Sweden's poultry plant investment programme was completed, and the plant is operating well. The development of sales volumes is as expected. The renewed plant enables the launching of new products in the market, balancing demand and supply. It is positive that also Swedish consumers are increasingly favouring fresh chicken.
In 2018, the value of inventories in our balance sheet increased, which weakened our operating cash flow. This development was affected in part by the increased costs of several raw materials and supplies."

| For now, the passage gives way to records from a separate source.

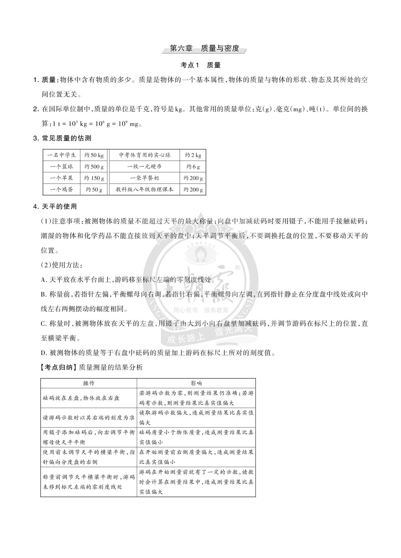 王朝霞期末知识梳理——第六章 质量与密度八年级上册物理(教科版)【6】
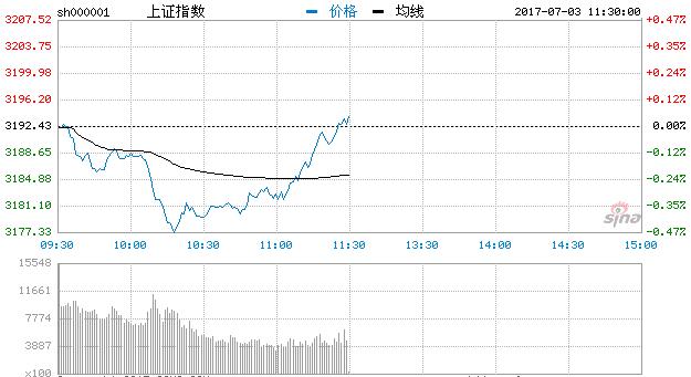 截至上午收盤,滬指報3193.72,漲0.04%,創指報1835.31,漲0.95%。
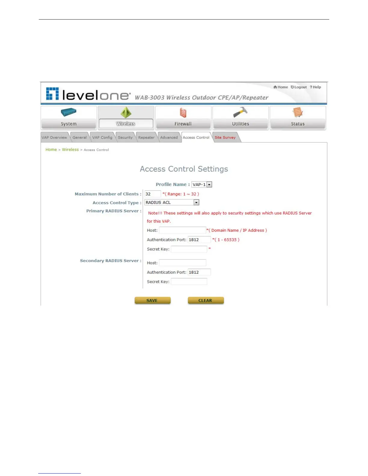 incoming MAC addresses will be authenticated by RADIUS. Please note that each VAP’s
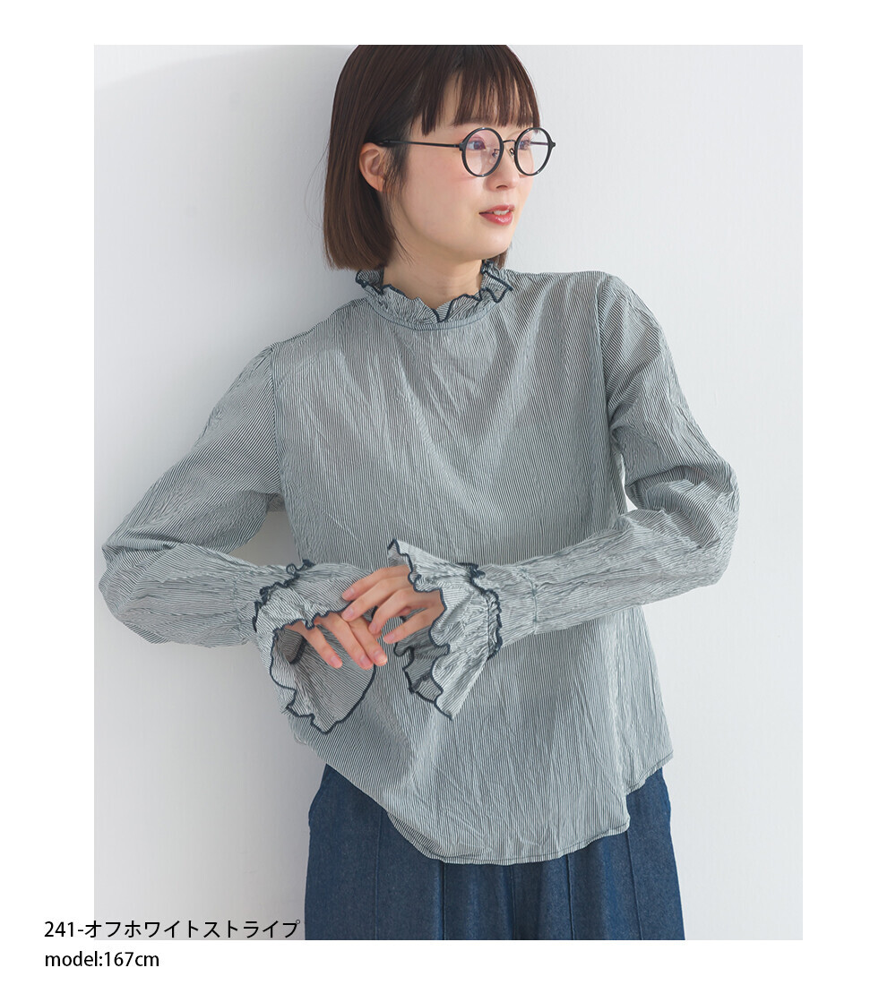 LP - 褶皺荷葉邊襯衫 (黑白間紋)
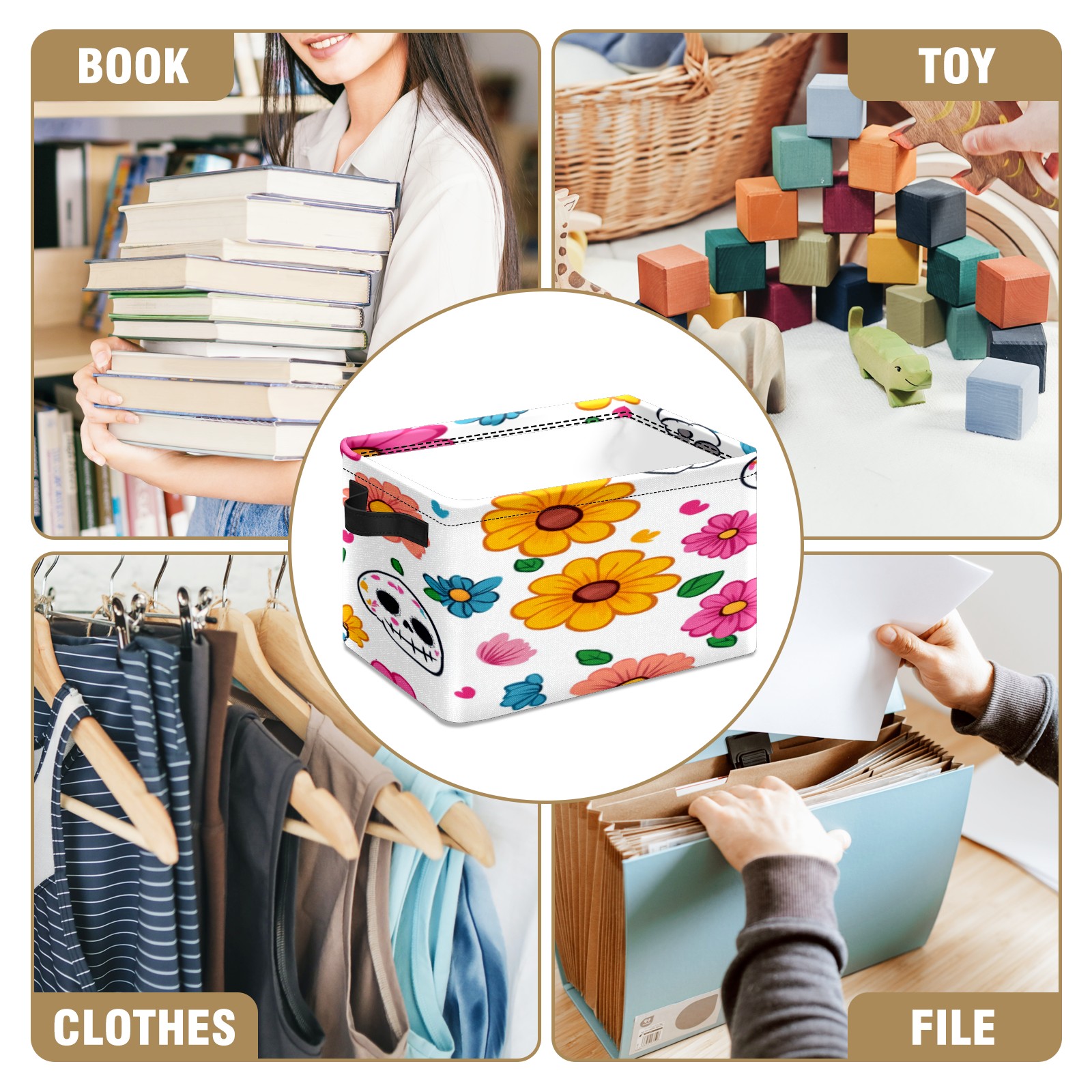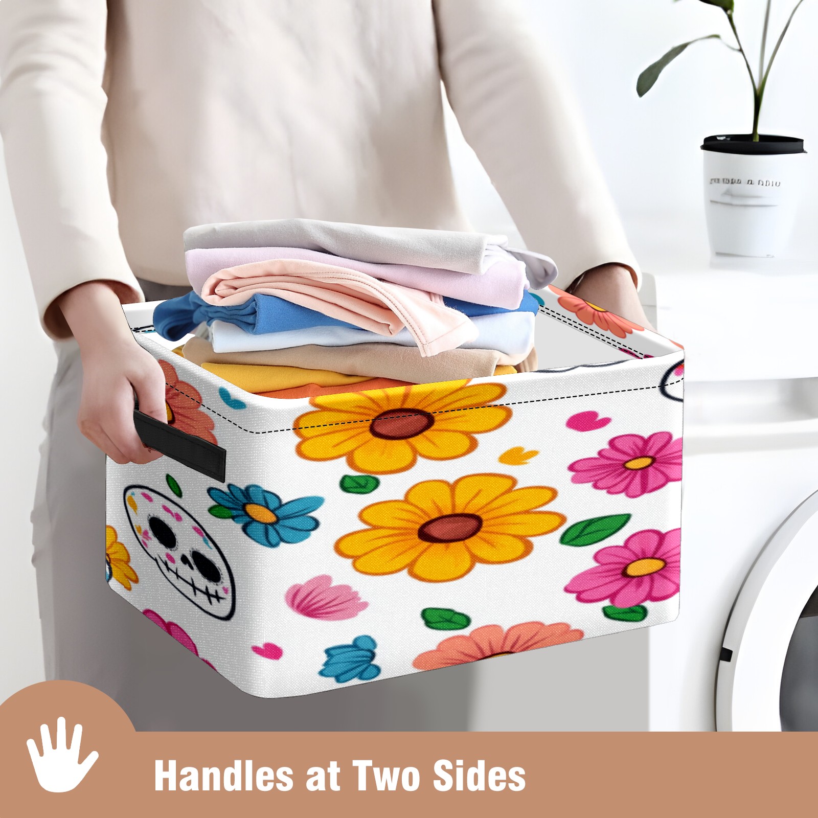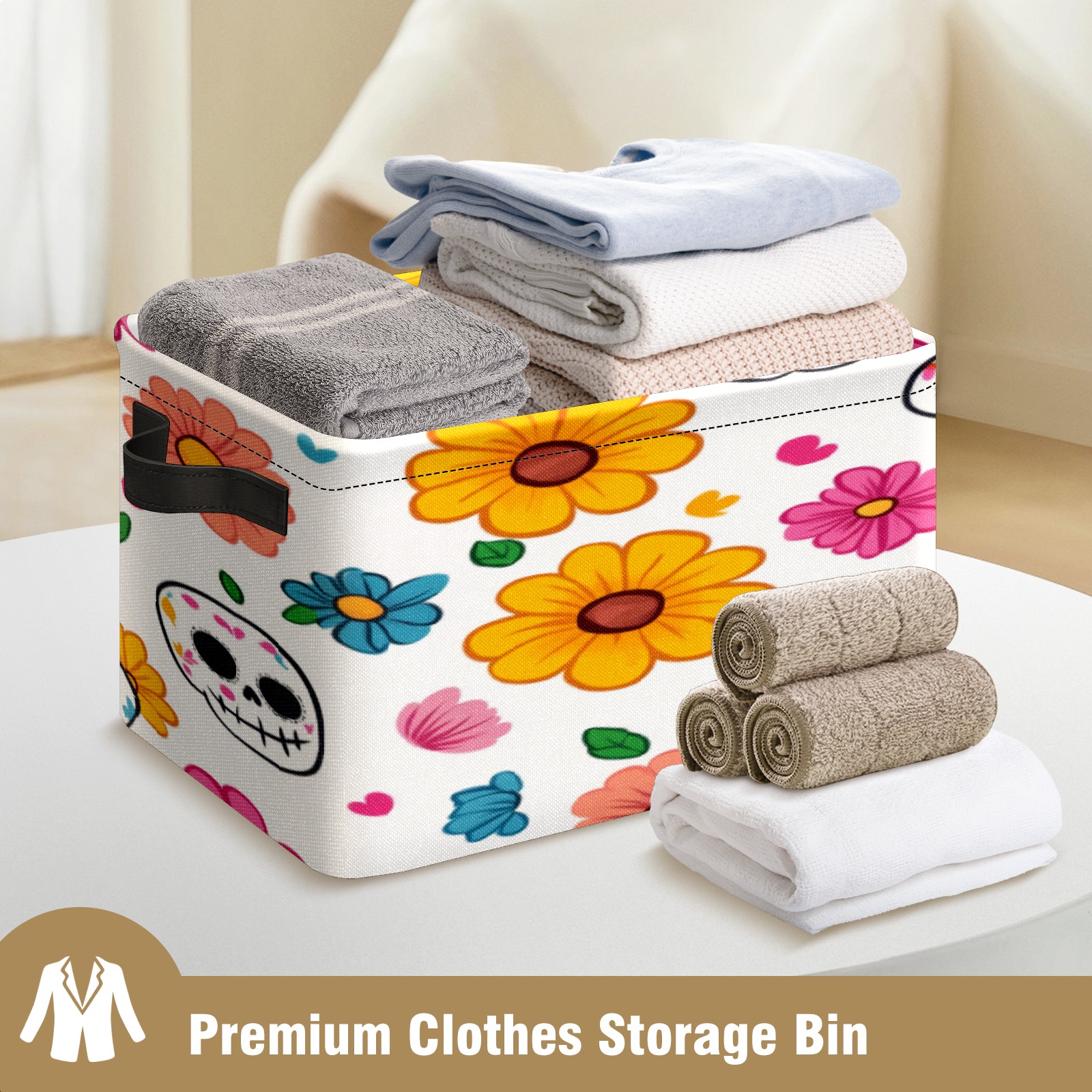 Foldable and Stackable Fabric Storage Basket for Home Organization with Handles, Decorative Closet Bins for Shelves, Laundry, and Toy Storage( Sugar Skulls)
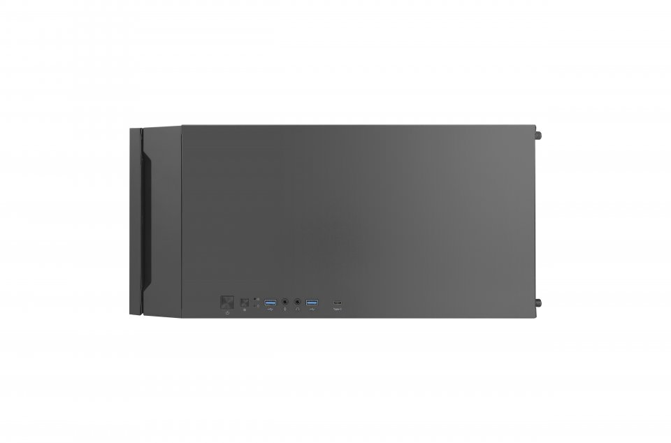 Kotelon yläosassa on kätevästi sijoitettu I/O-paneeli, jossa on kaksi USB 3.2 Gen 1 (3.1 Gen 1) A-tyypin porttia, yksi USB 3.2 Gen 2 (3.1 Gen 2) C-tyypin portti sekä ääniliitännät. Lisäksi mukana on tuulettimien nopeuden säätöpainike, jolla voit valita korkean tai matalan nopeustilan tuulettimille.
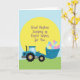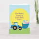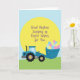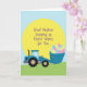 This card shows a stylized blue farm vehicle with a front loader sitting on a bright green patch beneath a pale blue sky. In the middle distance, a large yellow circle reads as a sun, creating a sunny backdrop that draws your eye right away 🌷. Across that yellow circle, a short greeting appears in purple lettering, centered and easy to spot. The loader scoop is tipped upward and filled to the brim with egg-shaped decorations, like a shared stash meant for someone you care about 🐰. Each egg is tinted in soft pastels—pink, light blue, mint, and buttery yellow—so the pile feels gentle and sweet rather than loud. Thin stripes and curving swirl patterns on the eggs add a tender, gift-like look, as if they were gathered with a friend in mind. The blue vehicle is simple and sturdy, with dark wheels and a squared cab, while the eggs form a rounded cluster that contrasts against the flat green ground. The purple text sits over the yellow circle, and the eggs show alternating stripes and swirls in pastel shades inside the raised scoop.
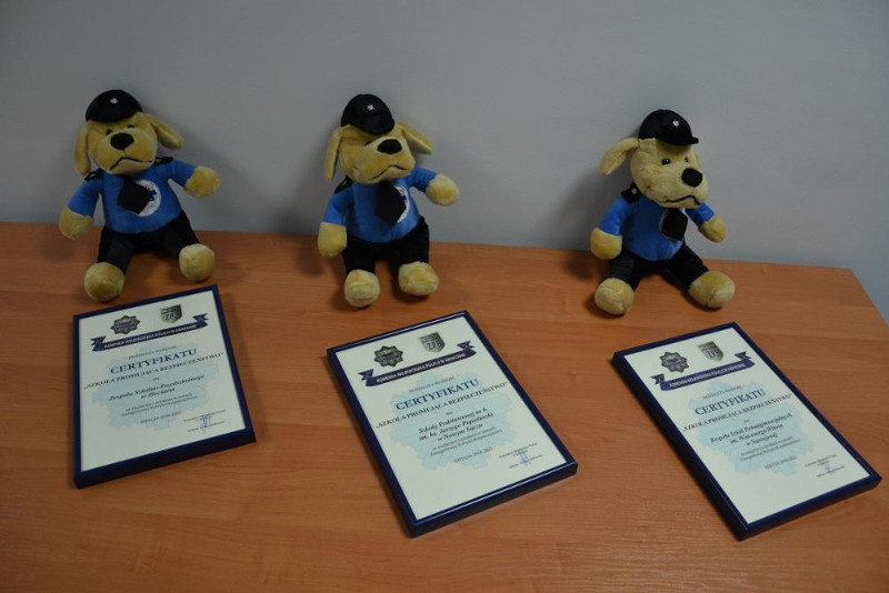 Certyfikaty przyznał Komendant Wojewódzki Policji w Krakowie - nadinsp. Tomasz Miłkowski, a wręczył je na ręce dyrektor Haliny Stanek oraz szkolnego koordynatora projektu mgr Eweliny Juryk, Komendant Miejski Policji mł. insp. Jarosław Tokarczyk.
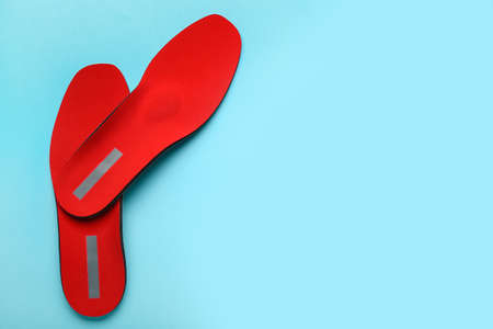 Foot support and healthy feet concept with orthopedic shoe insoles isolated on blue background with copy space

Atria Group's net sales for the fourth quarter amounted to EUR 376.9 million (EUR 374.4 million). EBIT amounted to EUR 6.7 million (EUR 13.4 million). The net sales of Atria Finland grew by EUR 7.8 million from the previous year. In Finland, sales to retail and to Food Service customers continued to grow during the last quarter of the year. Atria Sweden's net sales were reduced by the divestment of the Nordic Fast Food business operations in December 2017 and the weak Swedish krona. In Sweden, sales to retail of poultry products continued to grow during the last quarter of the year. For Atria Denmark & Estonia, net sales remained roughly at the same level year-on-year. The decrease of Atria Russia's net sales was due to the weakened exchange rate.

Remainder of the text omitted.